As we in the North continue to enjoy the fruits of globalization, it may seem oddly anachronistic to be focusing on the prosecution of crimes that many had imagined would never again take place. And yet, no one –- especially here in Turin, the city of Primo Levi –- should be surprised by the persistence of evil in the world. In his last essay before his death, that great writer spoke plainly about it. ‘It happened,’ he wrote ‘therefore it can happen again. It can happen. And it can happen anywhere.’

As we now know, he was tragically prescient. The last decade of the twentieth century witnessed –- in Bosnia and Rwanda -– the recurrence of genocide, even as Western Europe and North America prospered in peace.

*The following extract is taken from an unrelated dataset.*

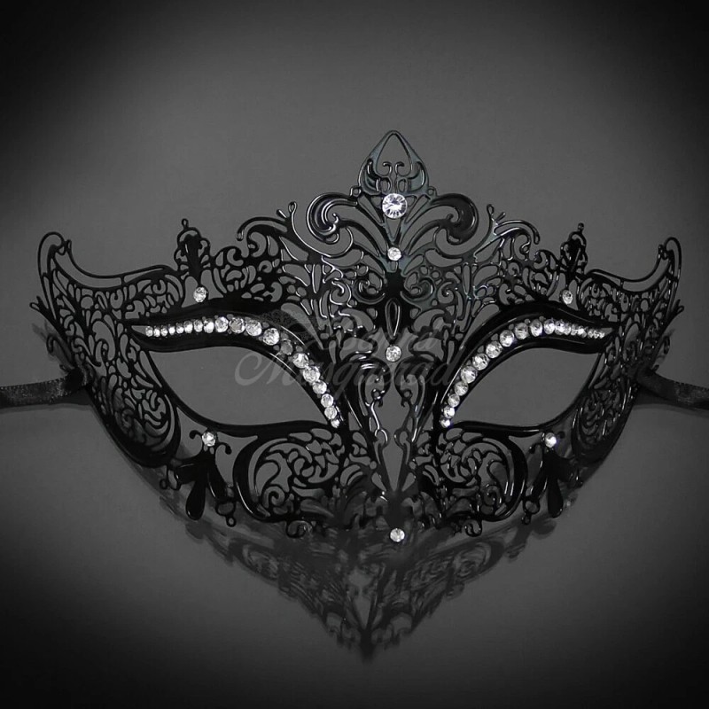 Materials/Techniques: Men's Mask: Paper Mache / Women's Mask: Quality filigree metal mask with rhinestones - fully adjustable ribbon ties for comfortable wear.

It can happen again, but it should not. We have the ability to prevent it, and we must do so. That we failed to do so in those two places is a source of eternal shame that throws doubt on the whole notion of an international community. If we are to talk of global values in future, we must be prepared to act on them.

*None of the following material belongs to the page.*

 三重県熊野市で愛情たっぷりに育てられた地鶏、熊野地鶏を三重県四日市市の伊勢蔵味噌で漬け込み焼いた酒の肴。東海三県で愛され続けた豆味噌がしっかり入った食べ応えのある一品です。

I have quoted your fellow citizen. Let me now quote one of mine -– Romeo Dallaire, the Canadian general who led the peacekeeping force in Rwanda during the genocide -– and whose pleas for reinforcement went tragically unheard until it was too late.

In a letter to the Canadian Broadcasting Corporation last year, after what was apparently an attempted suicide, he wrote of the duty of the developed countries to move "beyond self-interest, strategic advantages, and isolationism, and raise their sights to the realm of the pre-eminence of humanism and freedom".

Those words came from deep in the soul of a man traumatized by a collective failure, which he himself had striven harder than anyone to prevent. They should inspire us all to reflect on the nature of global values, and the courage needed to defend them.

If globalization is to succeed, ladies and gentlemen, it must succeed for poor and rich alike. It must help prevent the worst that man can do, as it encourages the best that he aspires to. It must deliver rights no less than riches. It must provide social justice and equity no less than economic prosperity and enhanced communication. It must embrace global diversity even as it makes us raise our sights to see what unites all nations and peoples. It must be harnessed to the cause not of capital alone, but of development, peace and prosperity for the poorest of the world

This is, undoubtedly, a tall order. But it is one that must be met, if globalization is not to be recalled in years hence as simply an illusion of the power of trade over politics, and human riches over human rights.

The students of this great university are the globalization generation, and it will fall to them to make the globe a true community. I wish them the best of luck, and great success in whatever part they choose to play.